#### [GIVEN DATA]

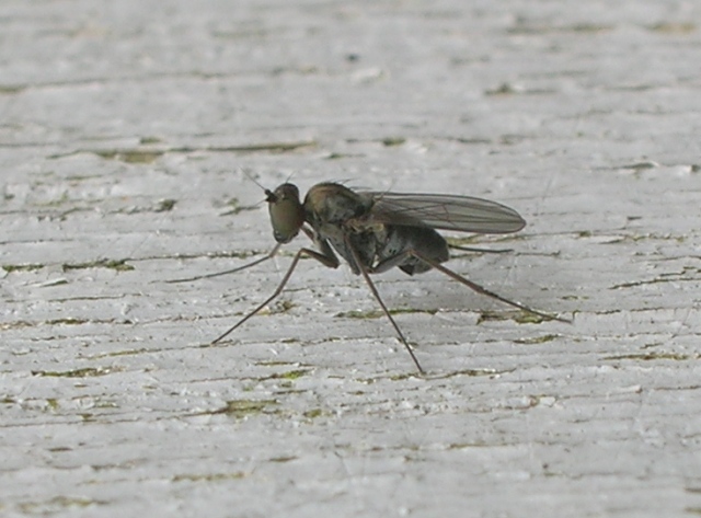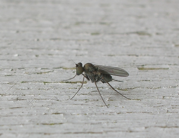 This morning I found three of these very small (few mm) flies on our terrace. I think they might be Dolichopodidae, is that correct? And is it possible to put a genus or perhaps even species name to it? Thanks in advance! Jan Zwaaneveld attached the following image: ![]() [116.46Kb] http://slamenietd...web-log.nl |
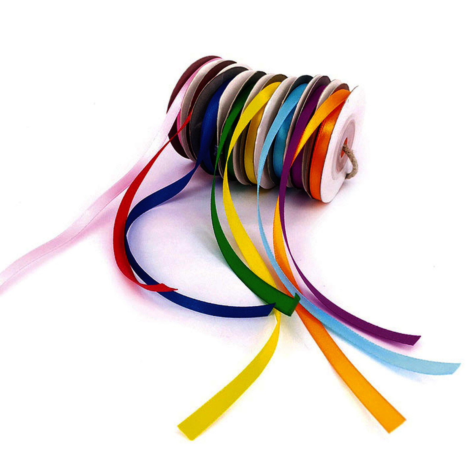 LOT DE 8 RUBANS EN SATIN 1 FACE 6MMX10M COLORIS ASSORTIS
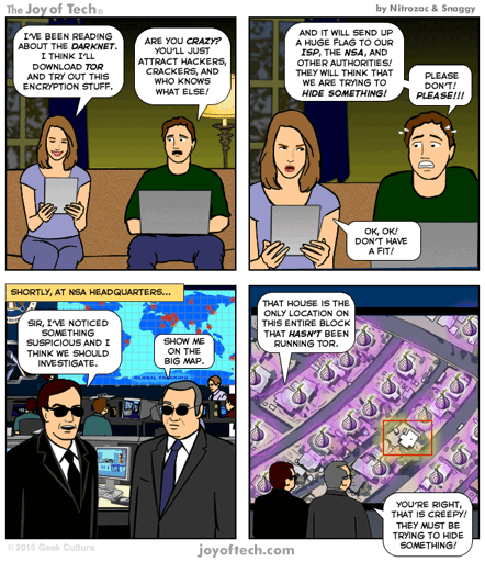 I agree. But I’ll also add that the joke itself should be pretty accessible even outside the IT crowd. It’s said clearly in the text of the final panel, and even in the title of the post. The only thing an average person might not know to get the joke is that you use TOR to get on the darknet, but I think most people would figure that out from the context.

#### [THE TASK]
When copying the listing above, begin at its first line and stop after the line with "LOT DE 8 RUBANS", keeping each line exact and dropping the pictures.

#### [WRITTEN SOLUTION]
 This morning I found three of these very small (few mm) flies on our terrace. I think they might be Dolichopodidae, is that correct? And is it possible to put a genus or perhaps even species name to it? Thanks in advance! Jan Zwaaneveld attached the following image: ![]() [116.46Kb] http://slamenietd...web-log.nl |
 LOT DE 8 RUBANS EN SATIN 1 FACE 6MMX10M COLORIS ASSORTIS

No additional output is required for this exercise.